Here’s another reason this deal makes sense for Toronto: If it doesn’t work, the Raptors will get a head start on what they kicked around doing anyway – rebuild. Toronto has eyed rebooting the roster since 2013, when they offloaded Rudy Gay for expiring contracts. Leonard and Danny Green – a sneaky nice addition in the deal, adding a near 40-percent career three-point shooter to a lineup that heavily featured the three-point shot last season – on paper improve a 59-win team. The roster was landlocked with pricey contracts, making a gamble like this the only way to get better.
The Raps can make a run at the conference crown, hope they win it and cross their fingers that a clearer path in the East is more desirable to Leonard than the heavyweight tournament in the West. If they can’t, they will clear cap space and be positioned for an overhaul that was inevitable.
The Lakers? Either they believe Leonard is a lock to come next summer, or they don’t see him as the ultimate prize anyway. The summer of 2019 will offer a buffet of free-agent options, from Kevin Durant to Jimmy Butler to Klay Thompson. And L.A. will have LeBron James locked in, something they couldn’t say when free agency opened this year.
But if they lose out on Leonard, will there be any (non) buyer’s remorse? Remember – this Raptors package is far from a haul. Would Brandon Ingram, Josh Hart and a lottery protected pick have gotten the Spurs attention? Was clinging to Ingram – a sinewy young scorer who nearly doubled his scoring average in his second season – worth passing on an aggressive run at Leonard? Is Magic convinced that the lure of Los Angeles is enough to maximize the remaining prime years of LeBron’s career?

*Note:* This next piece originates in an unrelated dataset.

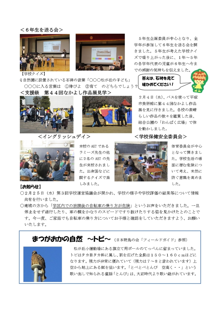 - 2026/03/06 松が丘小学校 2月学校だよりを発行しました

The Raptors’ brass recognized that a good team had crashed into the ceiling that stopped them from being great, so they plucked a potential top-five player with risks attached off another roster, which is exactly how you want a franchise in this position to operate. A year after Oklahoma City bet big that it could sell an L.A.-bound star on its organization, Toronto will try to do the same.